§ Raw data
Segment Open

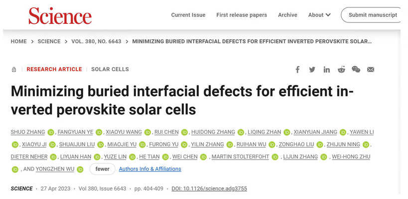 该工作创新引入氰基膦酸单元,发展双亲性小分子空穴传输材料,通过动态自组装构筑有序、超薄、表面超浸润层,一石二鸟完美解决了器件应用中载流子输运和界面缺陷控制两大难题。这是朱为宏教授团队继发表Nature(Nature, 2022, 604, 72–79)后取得的又一重大突破,也是华东理工大学首次以第一通讯单位在Science期刊上发表的研究性论文。
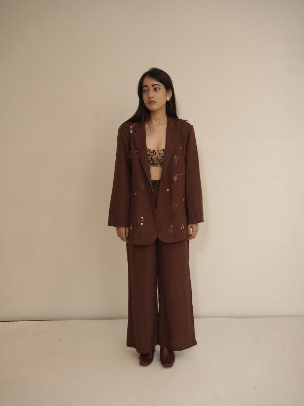 Introducing the Swaroop exclusive design: high-waisted viscose linen pants with side pockets, a full belt, and intricate kantha stitches on the pockets. With a comfortable fit for all-day wear, this piece pairs perfectly with our waistcoat and blazer, making it a must-have addition to your collection.
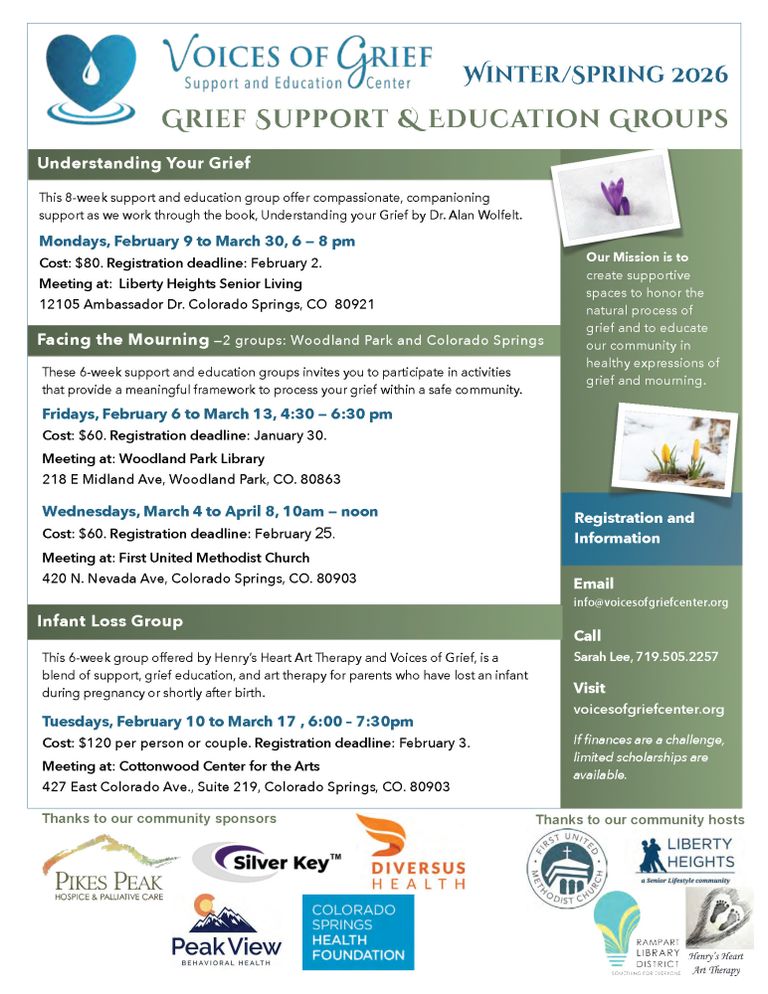 For more information or to express your interest, contact Sarah Lee, 719-505-2257, info@voicesofgriefcenter.org.
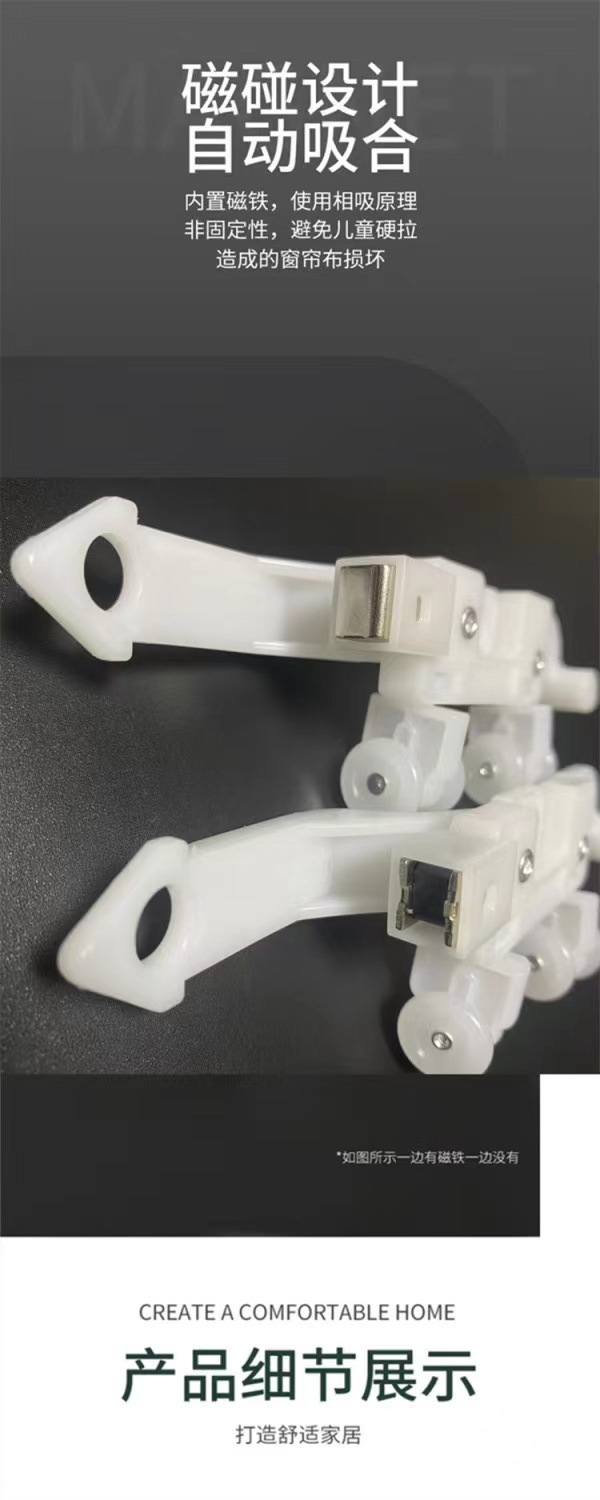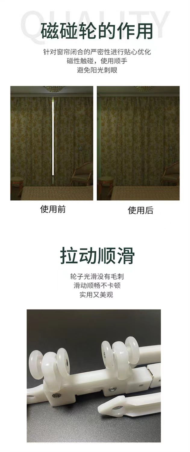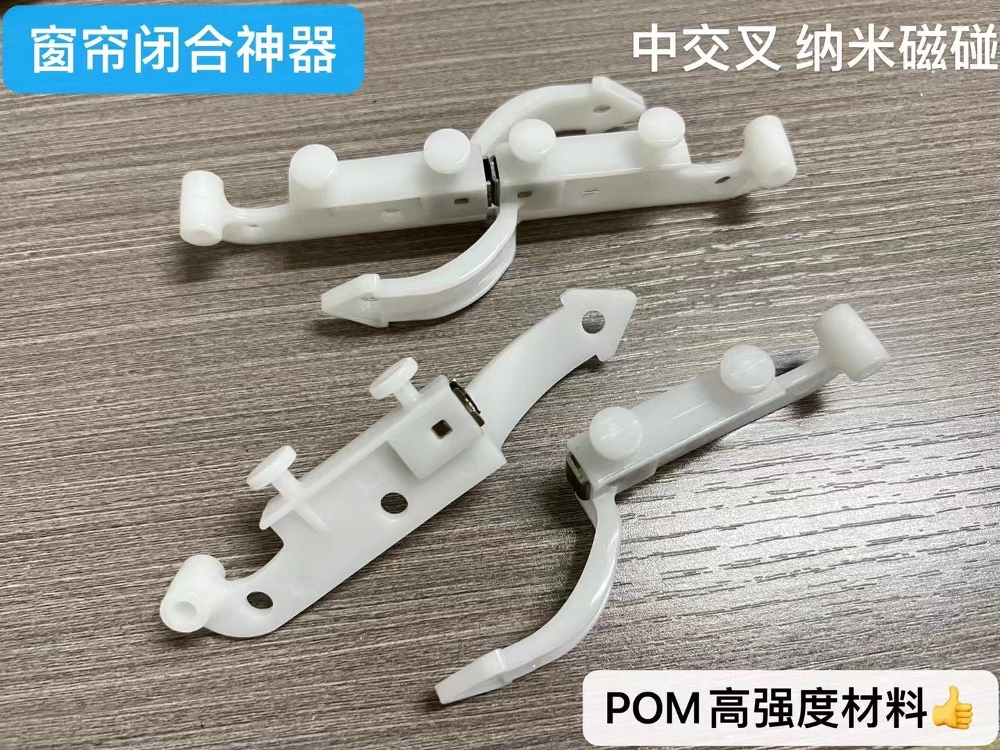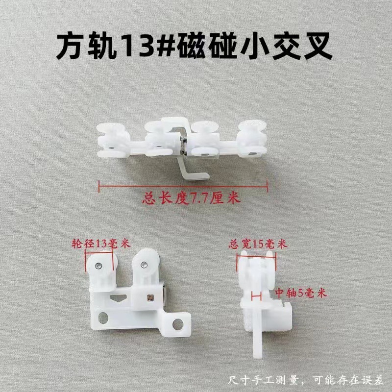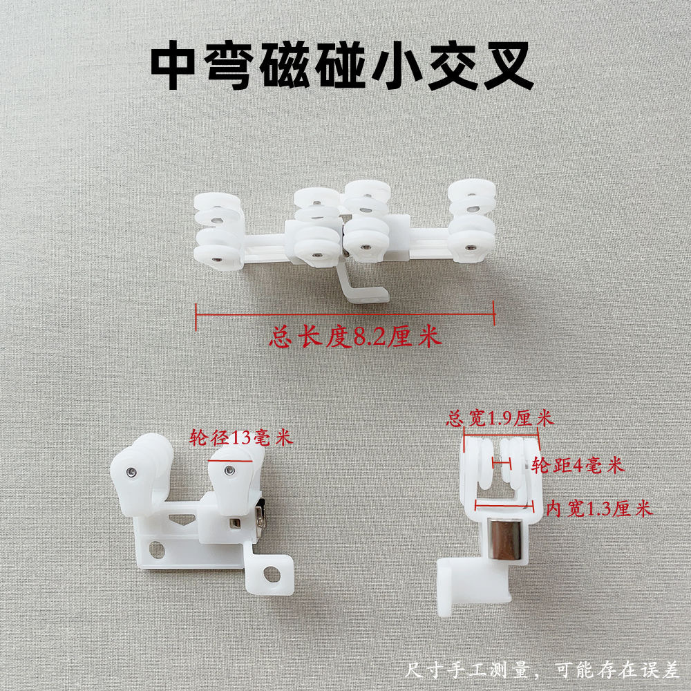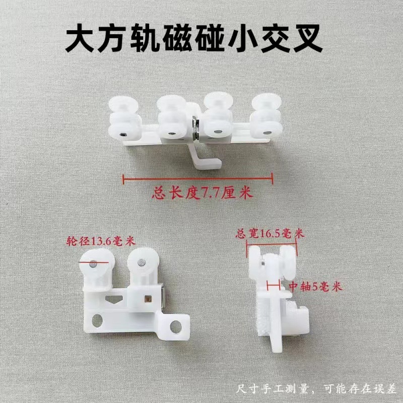 窗帘轨道配件交叉磁碰闭合防漏光滑轮方轨弯轨pom磁铁滑轮批发

Segment Closed

§ Problem to work on
Repeat only the lines from the one with "Introducing the Swaroop" through the end of the data, both included and exactly as written. Pictures stay out of the copy.

§ Solution to the problem
 Introducing the Swaroop exclusive design: high-waisted viscose linen pants with side pockets, a full belt, and intricate kantha stitches on the pockets. With a comfortable fit for all-day wear, this piece pairs perfectly with our waistcoat and blazer, making it a must-have addition to your collection.
 For more information or to express your interest, contact Sarah Lee, 719-505-2257, info@voicesofgriefcenter.org.
 窗帘轨道配件交叉磁碰闭合防漏光滑轮方轨弯轨pom磁铁滑轮批发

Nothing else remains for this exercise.